I'm sorry as you know I'm new here and I don;t know how to get to the welcome forum..
How can I get there?
Thanks.


----------



## boar_d_laze (Feb 13, 2008)

I'm not sure when they flattened. Before or after they went in the water?

In either case, the problem is _probably_ the same. Bagels are little hand formed loaves. They need a lot of surface tension to hold their shapes and rise -- rather than just spread out.

This is how I form:

1. Divide into balls.
2. Pull the balls down
3. Put the balls down on the board, and use a finger to form a hole
4. Work the dough around the hole to form a bagel
5. Proof 
6. Plunge in hot water, turn, remove

Obviously 1 through 4 are formation. It's steps 2, 4 that are tricky. On 2, you want to pull down enough to get a tight skin without totally flattening. On 4, try not to flatten at all. This isn't easy considering you're jamming a finger into the middle of a little ball of dough. In fact, it's not the gas in the dough you're trying to protect, it's the tightness of the outer surface. If you've baked batards you have a feeling for this.

On 6, you have to handle them very gently. I back one side with a short spatula, and slide a long spatula underneath to lift and take to the pot; then a spider to remove.

BDL


----------



## izbnso (May 12, 2007)

BDL, how long do you proof your bagels? I've worked with recipes that call for proofing after forming and the one that I use most often doesn't have a proof so much as by the time you're done forming start plunking the first ones in the water. 
Could over proofing (and maybe rough handling) have resulted in a collapse/flat bagel? 

As a side note, bagels made with fresh un-frozen blueberries are $45 each. My one and only bagel fiasco, I must have been bumped in the head on that one.:blush:


----------



## boar_d_laze (Feb 13, 2008)

Sure. Anything that would flatten a loaf can flatten a bagel. I forget what percentage of spring a water bagel's supposed to take in the bath, but it's pretty high. 40% maybe. You can definitely take too much raise on the counter. 

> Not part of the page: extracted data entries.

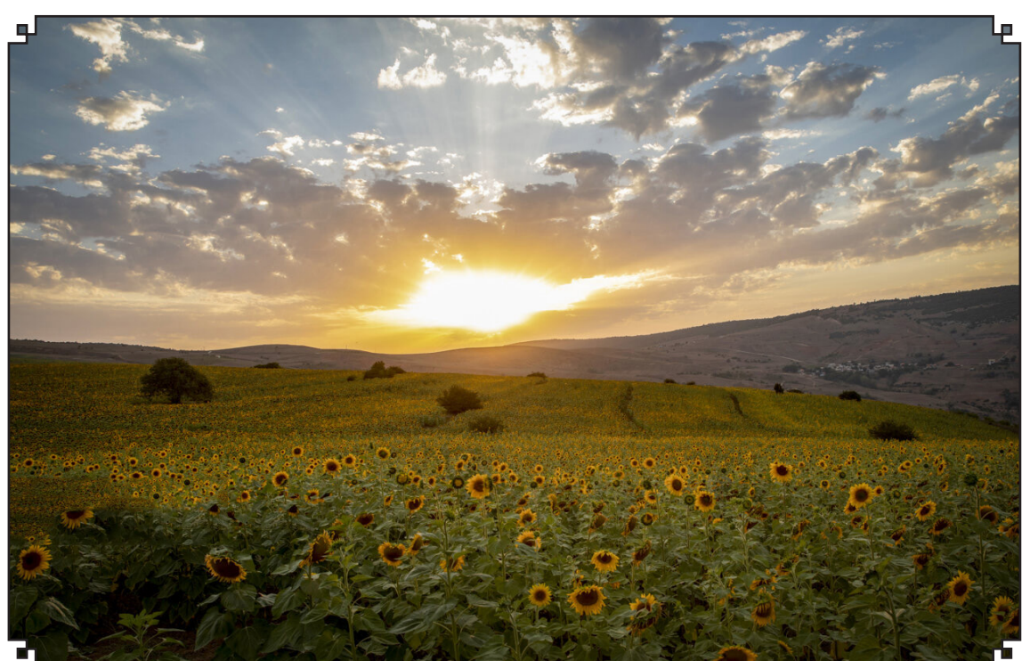
Ashtajenan in Iran's northern Mazandaran province is known for its sunflower farms.
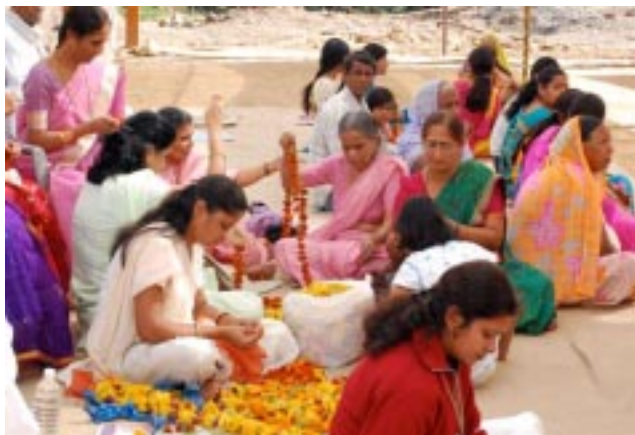
Ladies making flower garlands to decorate the Somayag area
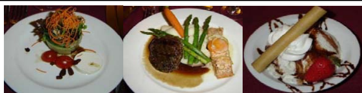
Dinner at the Gala

So, in closing, many thanks to all of you! If I have forgotten anyone, I sincerely apologize and hope you'll give me a chance to make up for it by volunteering again next year! Till then, BRAVO, and sincerely, thank you!
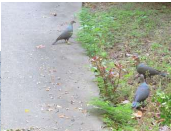
and a flock of "Red-headed Woodpeckers."
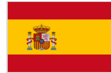
Government of Spain
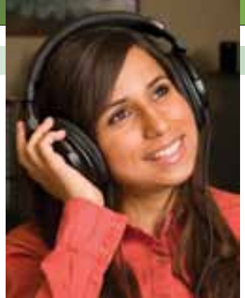
30 Worthy Music, Worthy Thoughts
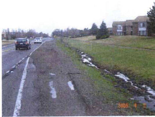
Country Lane Gap Overview looking south
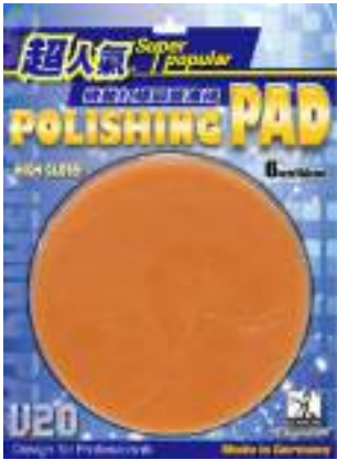
V20 Made in Germany – Polishing
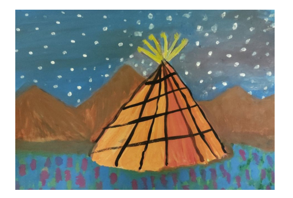
A student's rendition of a Tepee against a starlit sky
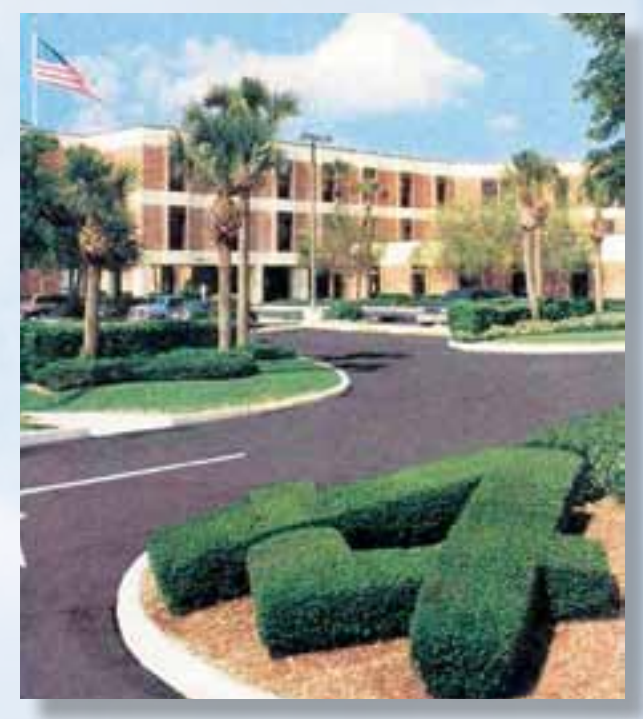
The Masonic Home of Florida provides an exceptional living experience with all the amenities while providing state-of-the-art medical care for those residents who need it.

The Masonic Home of Florida has reinvented the art of graceful living. Senior Masons and their wives or widows enjoy the comfort of home in a charming
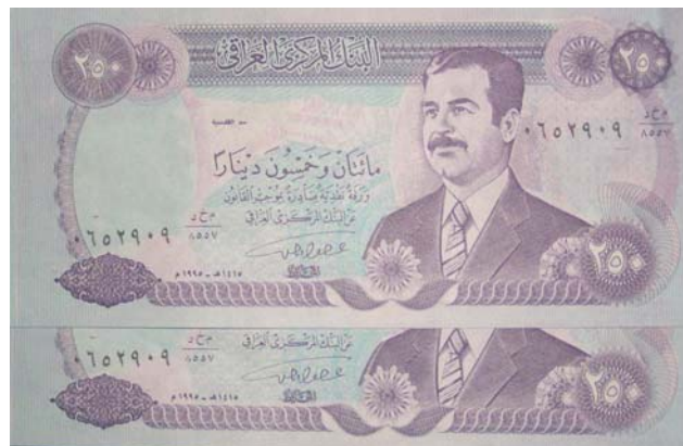
A 250 Dinar Note from Iraq

My last tour in Iraq started my interest in AAFES POGs, which is continuing this tour, but I have had opportunities to pursue other areas of numismatics here as well. In early November I flew to Tikrit to visit the hospital there. In addition to working in the hospital I explored what I could of the base. The PX there had a permanent bazaar. It was a long tent with various merchants in it. A majority of the items for sale did not interest me but my attention was drawn to some items on a counter top. It was stacks of Iraqi notes with Saddam Hussein pictured on them. They were in CU condition. The paper they were printed on was not of regular note quality because the embargo had cut Iraq off from their European printers, so some were printed in Iraq (1990, 1991) and in China (1992, 1993) and were of varying quality.
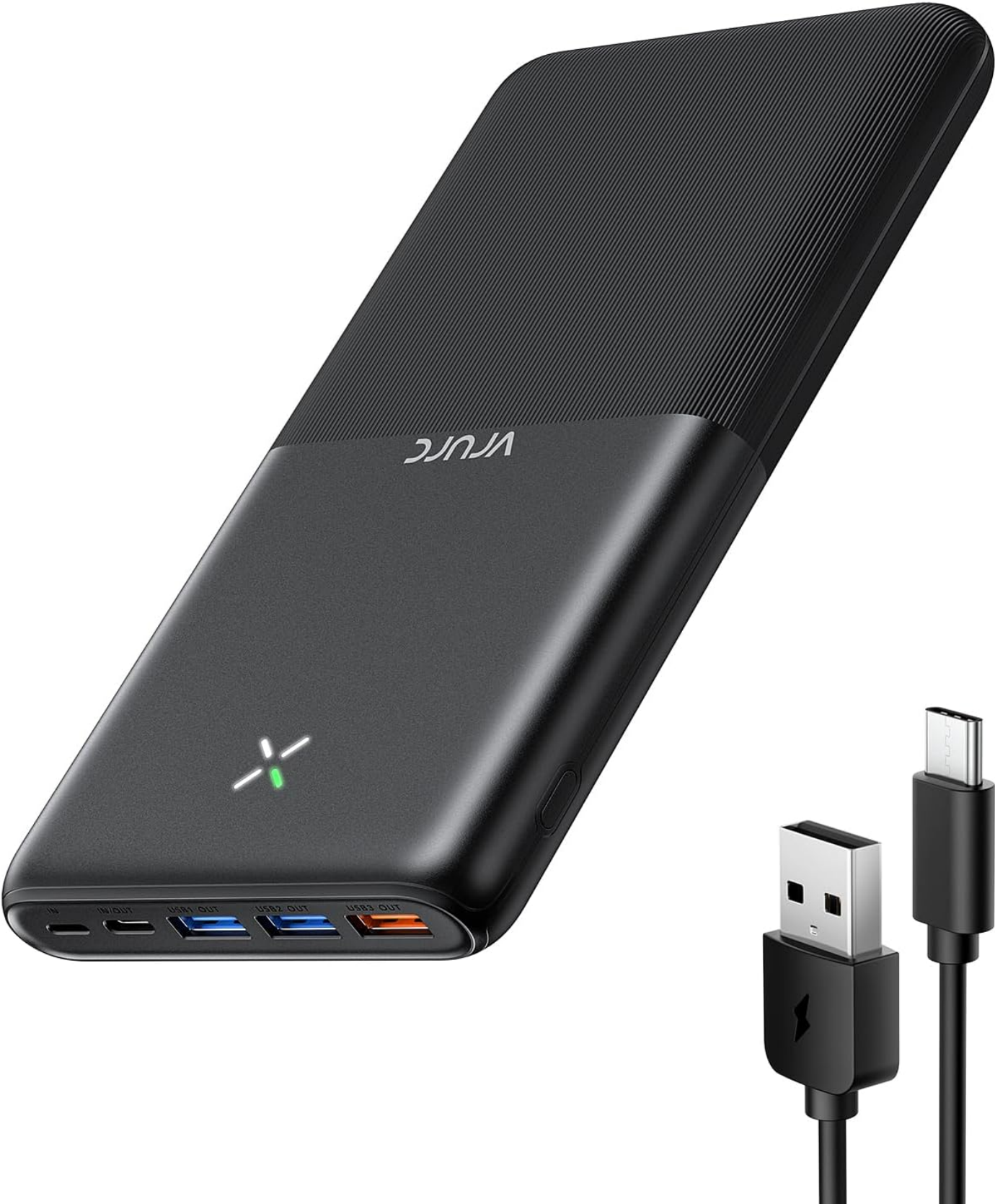
Figure 3.1: VRURC 30000mah Powerbank and included USB-C cable.
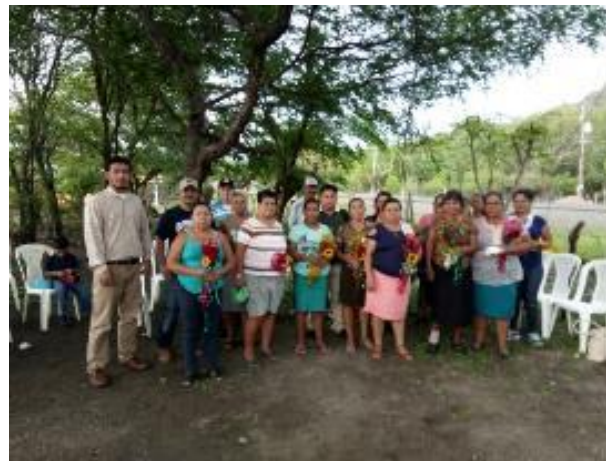
Illustration 6: Celebration of Mother's Day in the El Bordo community.

As part of the Activity, Board members dedicated a few words to all the mothers, and highlighted the company's effort in supporting this kind of activities in which each of the Cooperative miners that are part of the activities are taken into account.
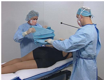
2. Center base of U-Drape at bottom of operative site.
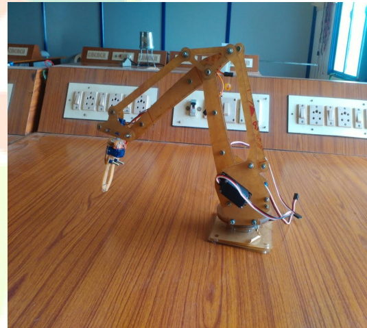
Fig 1: Designed manipulator

This proposed design after implementing the solutions to these design problems is built using five servo motors. The design of the base and the linkers remain the same as the previous one except for changes in the position of controlling motors. The base and the servo motors are connected with a help of a ball bearing for smooth turning. Thus, the rotation of the base causes the entire manipulator along with all the linkers and gripper to have free rotational movement. Separate motors have been fixed in the base for the linkers movement. Thus each linker is aimed to move up to 180°. All the motors are set at the base of the manipulator as shown in Fig 1 and joints for the linkers are given as extra accessories.
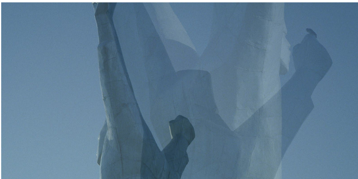
Still from Landscapes of Resistance

When I originally posted I wrote "brief proof," but edited it out because I didn't want to overcomplicate the surface tension message. Getting that surface tight is so important with free form breads. 

But, yeah. Could well have been. Be nice to know more from Giosal regarding handling, feel, forming, proofing and all the other issues. 

Speaking of forming, a lot of people start making bagels by rolling out logs and making rings. Sort of a pretzel-thing without the twist. It's a Euro/Isreali "begeleh," and they have even bigger surface tightness issues because the logs are so narrow. I've never made one. 

BDL


----------



## izbnso (May 12, 2007)

The first bagels I ever made called for the log to ring method, being a WASP by birth, a WASC by conversion and from the South to boot, the only bagel I had been familiar with was a Lender's. I remember thinking that they looked so smooth and perfectly round, and it is no easy feat to get rid the seam line completely in the log to ring method, a real PITA actually. So is that method not considered to be pure essence of bagel?
I can't remember where I encountered ( I'm getting too old to remember everything) information leading me to the "poke a hole" method, but that's where I'm at now with a seamless beautiful bagel.


----------



## giosal (Aug 13, 2008)

Well, thanks everybody for all your help and tips.
I think that my problems was that I didn't know the difference between Dry active yeast and dry instant yeast..because I thought that I had to use a bit more or the dry instant yeast; It was the only yeast that I had at home.
Instead of using a 25% less of the instant I add 25% more of it..
That proofing time was 20 minutes, when I went to touch them to put them in the boiling water they deflated instantly.


----------